Here it comes Neumann thought. / wish Angela were here. I bet she'd have a better handle on it than this guy. Alex Neumann had spent quite a bit of time with the psychologist he met at the Quantico class on sexual harassment awareness training. He had taken Angela Riggs to dinner on three occasions in the last week, but was finding it harder to see her with the increasing demands of this new assignment.

"I can go into detail and explanation if you want," Berkowitz continued, "but my opinion is that the person who wrote these Internet messages is intelligent, well-educated, and thinks of himself as much smarter, more clever, and generally better than the people he normally deals with.
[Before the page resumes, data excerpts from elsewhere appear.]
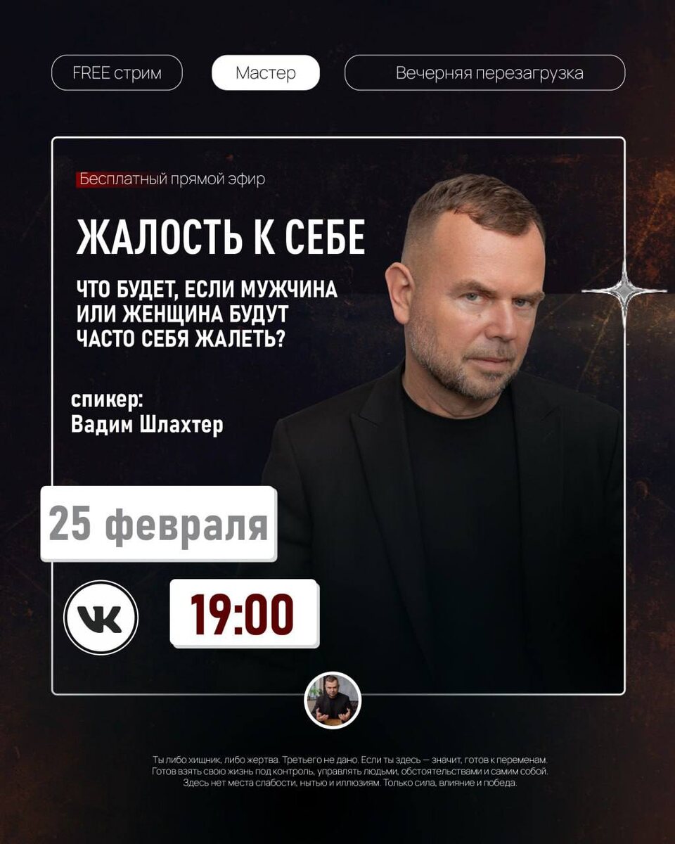 » Задавай свои вопросы по теме в комментариях к этому посту. На все отвечу в прямом эфире. ⏳ 25 февраля в 19:00 (до 30 минут) 🕙 Подключайся только Вконтакте. Я провожу «Вечернюю перезагрузку» каждую среду. Запись эфира выложу в частном канале. Обо мне | Благодарность команде | Навигация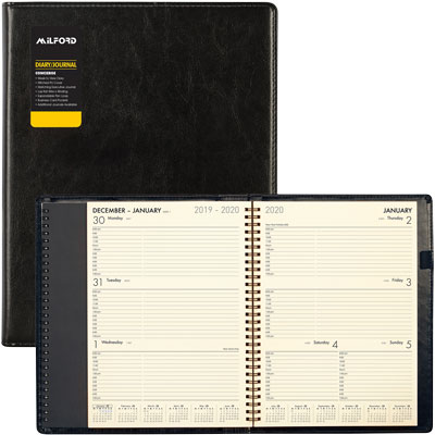 MILFORD DIARY PLATINUM A41 BLACK DAY PER PAGE WIRO ODD YEAR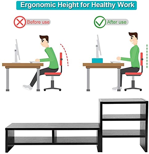 Ergonomic Height: This desk shelf for monitor is set to the appropriate height in line with scientific principles, lifting your monitor or laptop to absolute best line of sight to relieve eye strain, neck and back discomfort, and provide more work at work comfortable commentary

He looks down on those with less education, and he likes to show how witty he is. In his first message, he sneered at government employees with GED degrees.

"In his last message, he used the phrase 'Sicilian gentlemen' to describe Mafia thugs. He also offers this 'suggestion' that ATF agents resign publicly by placing an ad in the newspaper. This is a smug person who likely has no close friends. His familiarity with computers is consistent with this. Ultimately, this man wants to be caught. He wants to be caught so that the whole country can see the clever individual who made the giant federal government look foolish." During this testimony, Neumann suddenly realized that the President was looking at him. Shit. Hope I wasn't rolling my eyes.